→ DATASET CONTENT
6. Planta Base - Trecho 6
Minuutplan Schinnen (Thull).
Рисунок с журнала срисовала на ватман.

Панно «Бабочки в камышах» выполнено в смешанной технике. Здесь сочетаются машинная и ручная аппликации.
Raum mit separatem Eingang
* * *
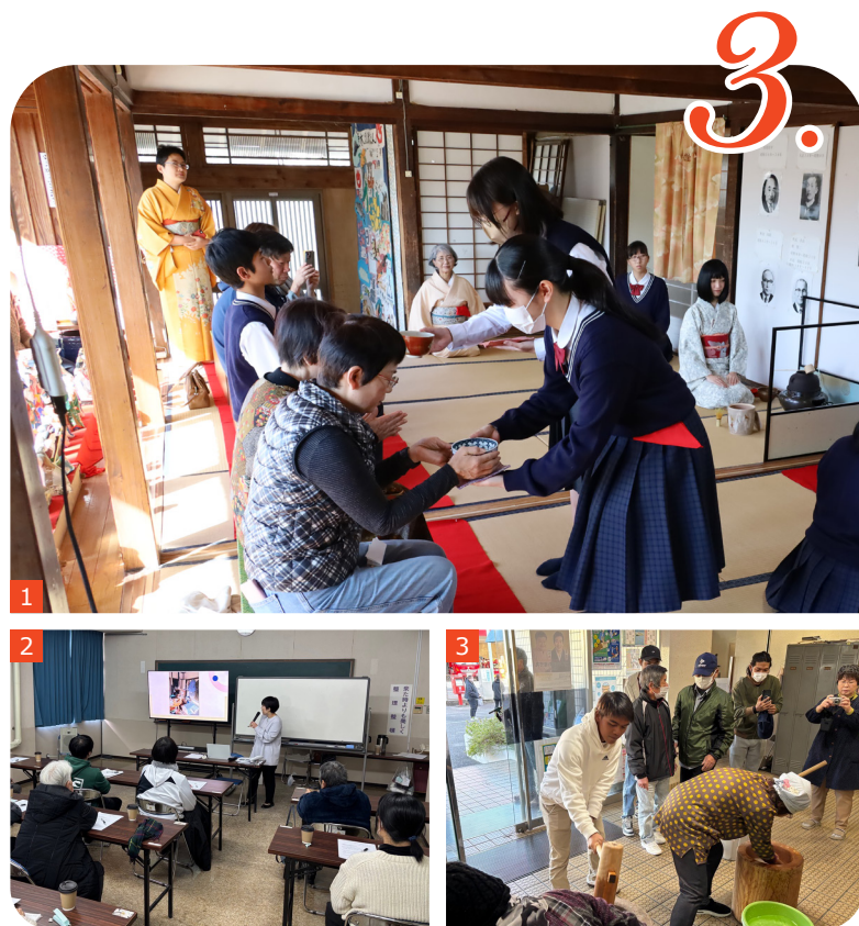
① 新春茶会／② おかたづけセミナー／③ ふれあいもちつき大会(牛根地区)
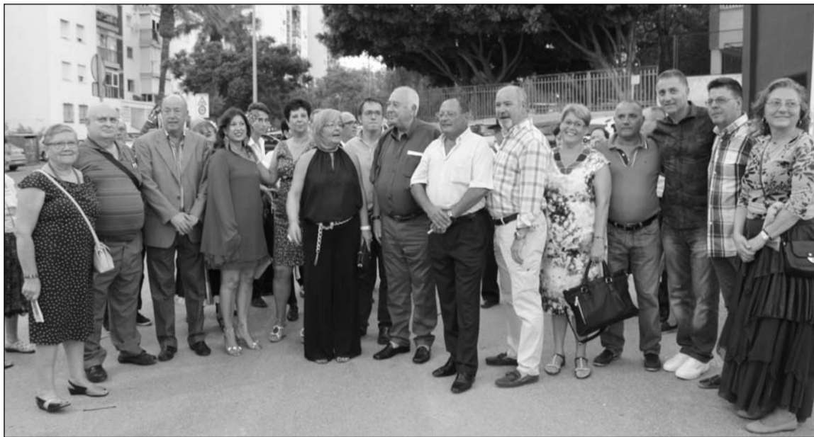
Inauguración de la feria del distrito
--
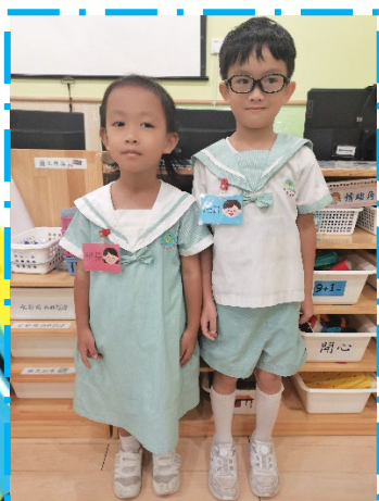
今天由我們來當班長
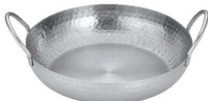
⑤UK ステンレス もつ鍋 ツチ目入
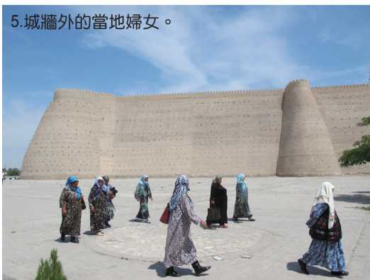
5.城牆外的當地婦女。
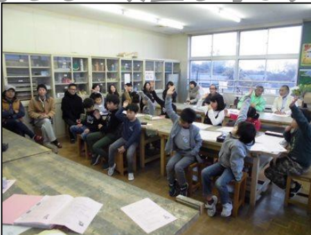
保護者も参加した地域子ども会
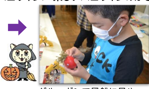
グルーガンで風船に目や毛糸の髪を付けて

→ WORK ORDER
Please copy, exactly and with nothing else, the lines above beginning at the line that has "Рисунок с журнала срисовала на ватман." and ending with the line that has "Raum mit separatem Eingang".

→ RESPONSE TO THE EXERCISE
Рисунок с журнала срисовала на ватман.

Панно «Бабочки в камышах» выполнено в смешанной технике. Здесь сочетаются машинная и ручная аппликации.
Raum mit separatem Eingang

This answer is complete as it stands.